# And Dora gifted us.....



## Sfgwife (Feb 18, 2018)

Buckling and doeling. Beautiful long ears and the doeling has THE most adorable PINK nose! 

Pics wont upload for some reason.


----------



## NigerianNewbie (Jun 6, 2018)

:up: (woo) = (zzz) mid day nap for the human goat mama?


----------



## GoofyGoat (Sep 21, 2018)

Yay! Wahoo!


----------



## Sfgwife (Feb 18, 2018)

NigerianNewbie said:


> :up: (woo) = (zzz) mid day nap for the human goat mama?


ABSOLUTELY! I stayed most of the night with dora and i am beat! She would have one or two hard contractions then nothin for a long while. Once in a while push just a bit. Finally bout three i checked things out. Waited a lil bit cause she was open but still workin on things. Then bout four she really started in earnest and i went to get paul. In the five minutes it took she had a bubble peekin out at us when we came back up.


----------



## OpieDoodle (Nov 15, 2015)

yay!! Congrats! I can't wait to see pictures!


----------



## bisonviewfarm (Apr 2, 2015)

(woot) congratulations! Cant wait to see pictures.


----------



## Goat_Scout (Mar 23, 2017)

Awww, congrats! I can't believe she had 2 hiding in there! 

Pink noses are the best. :inlove: I can't wait for pictures!


----------



## Goat Whisperer (Dec 3, 2018)

Congrats! I am a huge sucker for pink noses. I can't wait to see some pics! 

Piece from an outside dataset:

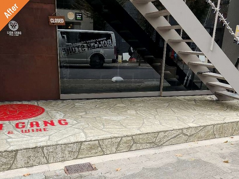 店舗の外と屋内にローラーストーンを施工した事例です。
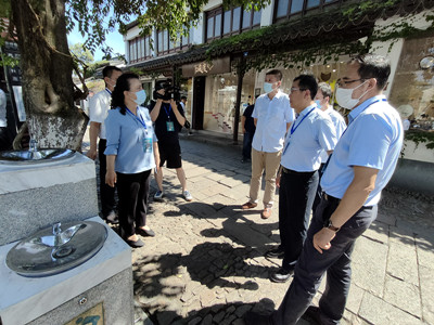 在平江路歷史街道,考察組實地查看了由市自來水公司維護的直飲水裝置使用現狀。目前,每套直飲水設備配置兩個噴嘴式飲水龍頭,設備內采用“一層pp棉、兩層活性炭預處理、反滲透膜、紫外消毒、活性炭后處理”五道工藝,確保凈水效果安全、優質。王副主席贊譽道:“將直飲水布置在城市景觀點可極大限度地滿足市民飲水需求,在提高城市公共服務能力的同時,還可有效減少各類包裝瓶引起的環境污染問題,可謂一舉多得。”

I think we will have some babies born today too!


----------



## Dwarf Dad (Aug 27, 2017)

Congratulations! Were you able to sneak Gracie's kid in with her two?


----------



## Sfgwife (Feb 18, 2018)

Goat_Scout said:


> Awww, congrats! I can't believe she had 2 hiding in there!
> 
> Pink noses are the best. :inlove: I can't wait for pictures!


I know! But i started to wonder when i got home from ky and she had dropped if she was hidin one really well. She was way full.


----------



## Sfgwife (Feb 18, 2018)

Dwarf Dad said:


> Congratulations! Were you able to sneak Gracie's kid in with her two?


No. ;(. I tried. Even glopped her down with goop and no dice once she was clean and dora could sniff her bum good.


----------



## GoofyGoat (Sep 21, 2018)

Sfgwife said:


> No. ;(. I tried. Even glopped her down with goop and no dice once she was clean and dora could sniff her bum good.


Rats!


----------



## luvmyherd (Apr 9, 2011)

Oh congratulations. I hope you can get pictures up soon as they sound amazing.


----------



## groovyoldlady (Jul 21, 2011)

Yippee! Congratulations!


----------



## Dwarf Dad (Aug 27, 2017)

Sfgwife said:


> No. ;(. I tried. Even glopped her down with goop and no dice once she was clean and dora could sniff her bum good.


Oh, well. It was worth a shot


----------



## cristina-sorina (May 4, 2018)

Yay!! Congratulations!!


----------



## toth boer goats (Jul 20, 2008)

Congrats.


----------



## Sfgwife (Feb 18, 2018)




----------



## Sfgwife (Feb 18, 2018)

I used the ap to get these on here and boy howdy i do not like it. ;/. But..... BABY PICS.

Also! We need names for these two. Gracie’s so far are luna and buttercup. No name for her boy yet. I had so hoped dora’s lil dude if she had one would have a white flash on his noggin.... he woulda been blaze. But no dice. So. A yone got any ideas for them? Light is doeling dark buckling.

I am pretty sure i have decided to wait til next year and hope for a doeling from dora and tristan.... those kids will be f6 purebred minis. These are f5. But i do love this lil lady’s nose to death so it makes it difficult to be responsible. In reality though i only want at most three does for milk. Then i waffle and say but i could keep this lil lady and grow her out til next year and see if i get a doeling keeper. If i didn’t i am a year up on this one already. If i did i could sell her as a yearling. Soooooo i dunno. But right now i am leanin toward responsible.


----------



## NigerianNewbie (Jun 6, 2018)

Awww, I see that cute little pink nose, adorable. That is a handsome faced little guy, love the lines running down both sides of his face. Glad to see pics of the new additions. Congratulations, they are lovely. 
:kid2: :kid3:
Maybe, soon you can uninstall that app???


----------



## Sfgwife (Feb 18, 2018)

NigerianNewbie said:


> Awww, I see that cute little pink nose, adorable. That is a handsome faced little guy, love the lines running down both sides of his face. Glad to see pics of the new additions. Congratulations, they are lovely.
> :kid2: :kid3:
> Maybe, soon you can uninstall that app???


He is a handsome lil dude too! I love his lines as well. . And yes hopefully soon i can just use safari again. But until then i can at least post the cuteness.


----------



## bisonviewfarm (Apr 2, 2015)

Ahh they're adorable!


----------



## GoofyGoat (Sep 21, 2018)

They're SO cute! Oh my goodness I love the brown and tan markings they look like my Sirius and Lily. I'd be proud to have any of them.


----------



## Nigerian dwarf goat (Sep 25, 2017)

too cute!


----------



## toth boer goats (Jul 20, 2008)

Aww


----------